Sammy came first, after two hours of pushing. “They put him on Marisa’s chest. She looked at him and said, ‘Oh, I love you,’ ” Scott remembers. But there wasn’t time to revel; there was another baby coming. Twenty more minutes of pushing “with everything I had,” Marisa says, and Declan was out.

Both babies spent time in the intensive-care nursery; Sammy had episodes of heart-deceleration, and Declan needed a feeding tube. Each was just over five pounds when discharged. And already, they are distinct: Sammy quick to smile and even-keeled emotionally; Declan showing more obvious highs and lows.

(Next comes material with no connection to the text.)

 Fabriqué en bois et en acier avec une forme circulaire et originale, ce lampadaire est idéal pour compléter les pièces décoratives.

The twins have changed their parents — albeit, in different ways. Marisa says motherhood has had a mellowing effect. “I’m 40. These are my only babies. I’m trying to be — I know it’s a cliché — present for this. It’s been one thing after another of having to surrender my expectations.”

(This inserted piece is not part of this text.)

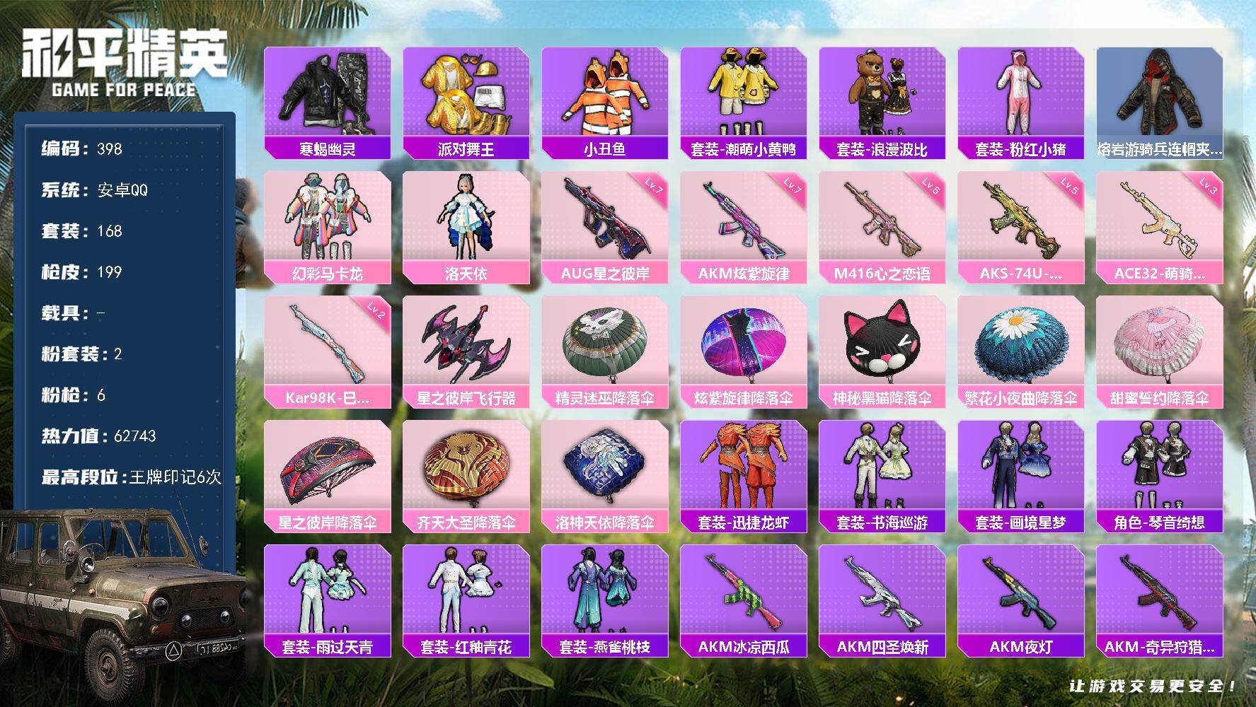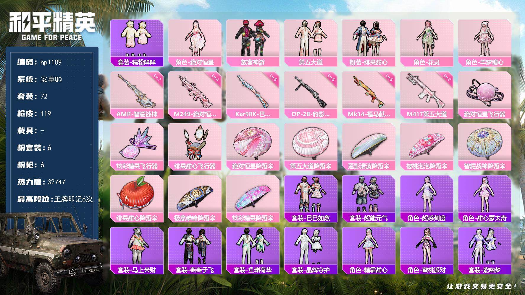 安卓 手Q-6粉装-6特效枪-0载具-3粉色飞行器-32747热力值-6王牌印

Scott’s experience is the flip side: “I think I’m less mellow,” he says. “I’m more worried now about finances, about something happening to them. Babies become all-consuming; they take up any available space you have in your mind and in your life.” He’s wary of becoming that parent who talks only about his children; he tries to remember to ask Marisa about her own day and mood before checking on the kids when he calls from work.

There have been sanity-shredding moments: walking the babies through Rittenhouse Square at 11 o’clock at night, “trying to get them to chill out,” or the time Scott paced with Sammy around their dining room table for three hours while he screamed.

But then they’ll put Declan and Sammy down on twin play mats, turn away and look back to see that they’ve wiggled close together. The babies stare and smile and try to stuff their hands in one another’s mouths. “The thing that’s fun about twins,” Marisa says, “is how interested they are in each other.”